We compare our results with some popular frameworks and official releases in terms of speed.
- 8 NVIDIA Tesla V100 (32G) GPUs
- Intel(R) Xeon(R) Gold 6146 CPU @ 3.20GHz
- Python 3.7
- PyTorch 1.4
- CUDA 10.1
- CUDNN 7.6.03
- NCCL 2.4.08
The time we measured is the average training time for an iteration, including data processing and model training. The training speed is measure with s/iter. The lower, the better. Note that we skip the first 50 iter times as they may contain the device warmup time.
Here we compare our MMAction2 repo with other video understanding toolboxes in the same data and model settings by the training time per iteration. Here, we use
- commit id 7f3490d(1/5/2020) of MMAction
- commit id 8d53d6f(5/5/2020) of Temporal-Shift-Module
- commit id 8299c98(7/7/2020) of PySlowFast
- commit id f13707f(12/12/2018) of BSN(boundary sensitive network)
- commit id 45d0514(17/10/2019) of BMN(boundary matching network)
To ensure the fairness of the comparison, the comparison experiments were conducted under the same hardware environment and using the same dataset. The rawframe dataset we used is generated by the data preparation tools, the video dataset we used is a special version of resized video cache called '256p dense-encoded video', featuring a faster decoding speed which is generated by the scripts here. Significant improvement can be observed when comparing with normal 256p videos as shown in the table below, especially when the sampling is sparse(like TSN).

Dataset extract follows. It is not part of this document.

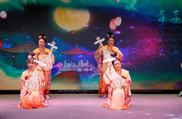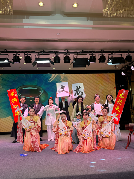 随着悦耳的背景音乐缓缓奏响,一位雍容华贵的妇人手牵两个书童徐徐上场,声情并茂的齐声诵读中国古诗词。四位身着华美绚丽的衣裙、手持枇杷的仙女随即鱼贯而出。她们时而轻抚琴弦,低吟浅唱,时而舒展双臂,翩翩起舞。云裙霞衣,婀娜多姿,美不胜收。她们的舞姿优美而灵动,如风中摇曳的柳絮,如翩翩起舞的蝴蝶,每一个转身、每一次移位都充满了诗情画意,似乎在诉说着昔日古丝绸之路的繁华。紧接着,四才子下棋对弈、泼墨疾书,巾帼女侠弹跳腾挪,尽显中国传统艺术的精华,舞台化的表现形式轮番上演,让人目不暇接,连连叫好。有趣的是,4岁的小小书童被下棋的叔叔吸引住了,竟然自己跑过去兴致勃勃的旁观,他的童真引来大家一片愉悦的欢笑声。斗转星移,妇人带着两个小书童向神采奕奕的私塾先生鞠躬行礼,并随之习文识字,展望未来。最后,所有演员高声齐唱主题曲《龙文》,并恭祝大家新春快乐,龙行天下,文扬四海。场下,如潮的掌声雷动。

For each model setting, we kept the same data preprocessing methods to make sure the same feature input. In addition, we also used Memcached, a distributed cached system, to load the data for the same IO time except for fair comparisons with Pyslowfast which uses raw videos directly from disk by default.
We provide the training log based on which we calculate the average iter time, with the actual setting logged inside, feel free to verify it and fire an issue if something does not make sense.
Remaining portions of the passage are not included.